Only the lines from the one that includes "Indicator Checka. Turn" through the last line below belong in the reply, copied exactly and without pictures.

· · ·

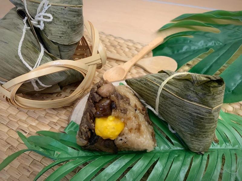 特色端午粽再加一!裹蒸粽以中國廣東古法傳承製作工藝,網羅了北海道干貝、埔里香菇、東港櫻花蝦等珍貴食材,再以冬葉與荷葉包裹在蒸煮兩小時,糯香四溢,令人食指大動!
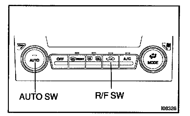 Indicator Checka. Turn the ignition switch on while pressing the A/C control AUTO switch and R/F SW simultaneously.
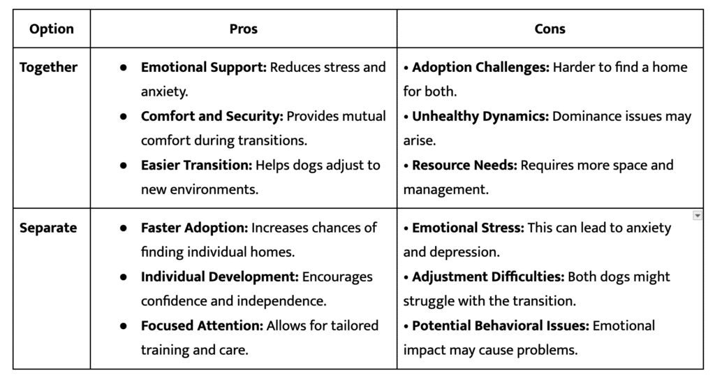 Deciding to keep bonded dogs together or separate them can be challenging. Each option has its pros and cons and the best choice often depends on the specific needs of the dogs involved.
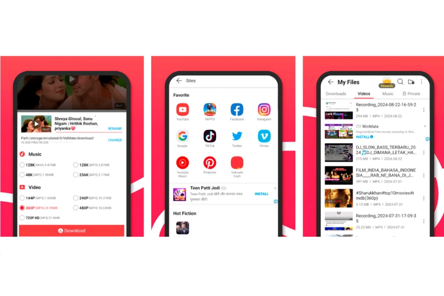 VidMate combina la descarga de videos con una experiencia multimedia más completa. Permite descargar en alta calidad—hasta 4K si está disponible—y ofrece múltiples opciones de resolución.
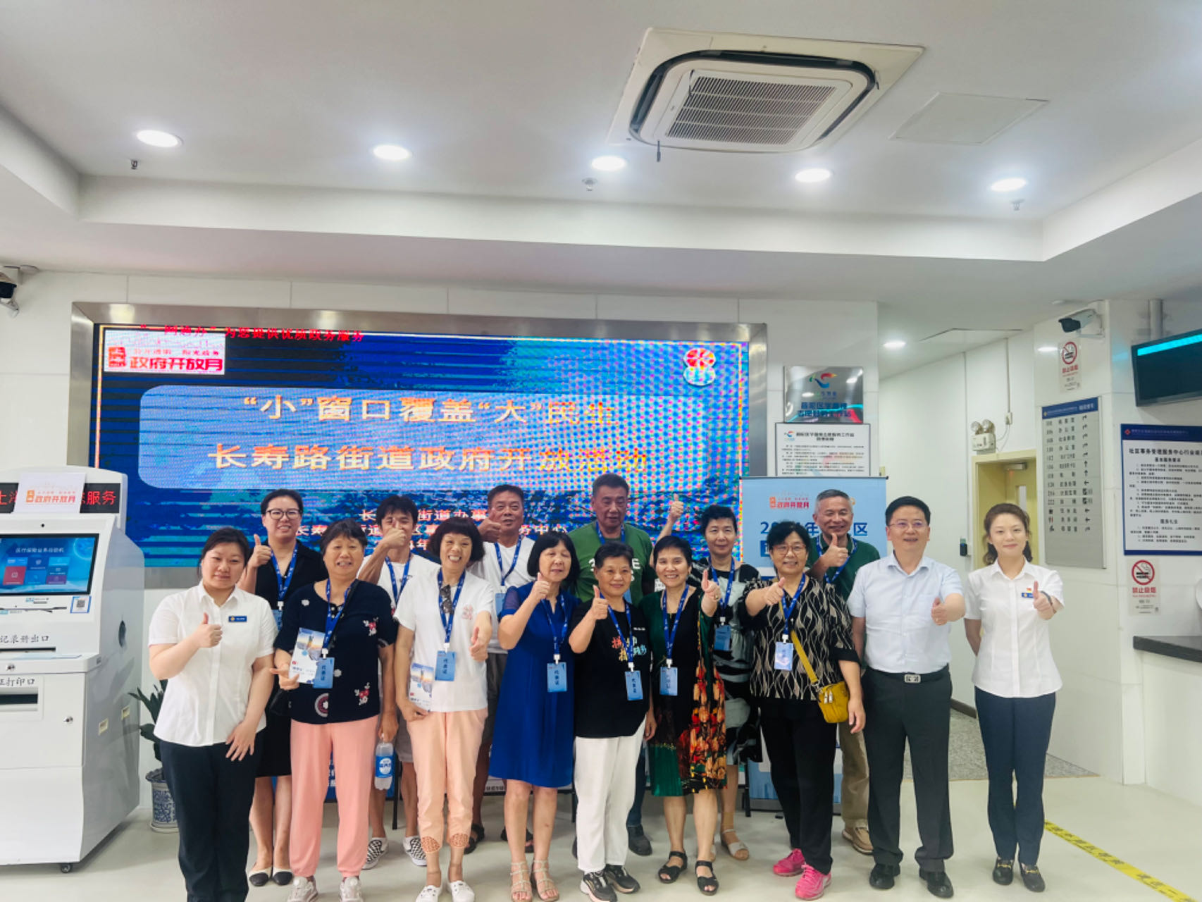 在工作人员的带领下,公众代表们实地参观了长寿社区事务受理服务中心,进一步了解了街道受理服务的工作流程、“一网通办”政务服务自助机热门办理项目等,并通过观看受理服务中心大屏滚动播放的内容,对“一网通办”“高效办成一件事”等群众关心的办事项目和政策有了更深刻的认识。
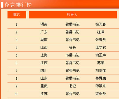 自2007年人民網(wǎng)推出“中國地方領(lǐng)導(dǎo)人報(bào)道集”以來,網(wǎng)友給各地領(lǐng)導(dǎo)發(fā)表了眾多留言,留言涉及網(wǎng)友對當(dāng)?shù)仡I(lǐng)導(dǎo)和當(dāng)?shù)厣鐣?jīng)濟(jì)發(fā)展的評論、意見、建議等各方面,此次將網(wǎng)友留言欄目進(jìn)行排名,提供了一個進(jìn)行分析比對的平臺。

· · ·

EXERCISE SOLUTION
 Indicator Checka. Turn the ignition switch on while pressing the A/C control AUTO switch and R/F SW simultaneously.
 Deciding to keep bonded dogs together or separate them can be challenging. Each option has its pros and cons and the best choice often depends on the specific needs of the dogs involved.
 VidMate combina la descarga de videos con una experiencia multimedia más completa. Permite descargar en alta calidad—hasta 4K si está disponible—y ofrece múltiples opciones de resolución.
 在工作人员的带领下,公众代表们实地参观了长寿社区事务受理服务中心,进一步了解了街道受理服务的工作流程、“一网通办”政务服务自助机热门办理项目等,并通过观看受理服务中心大屏滚动播放的内容,对“一网通办”“高效办成一件事”等群众关心的办事项目和政策有了更深刻的认识。
 自2007年人民網(wǎng)推出“中國地方領(lǐng)導(dǎo)人報(bào)道集”以來,網(wǎng)友給各地領(lǐng)導(dǎo)發(fā)表了眾多留言,留言涉及網(wǎng)友對當(dāng)?shù)仡I(lǐng)導(dǎo)和當(dāng)?shù)厣鐣?jīng)濟(jì)發(fā)展的評論、意見、建議等各方面,此次將網(wǎng)友留言欄目進(jìn)行排名,提供了一個進(jìn)行分析比對的平臺。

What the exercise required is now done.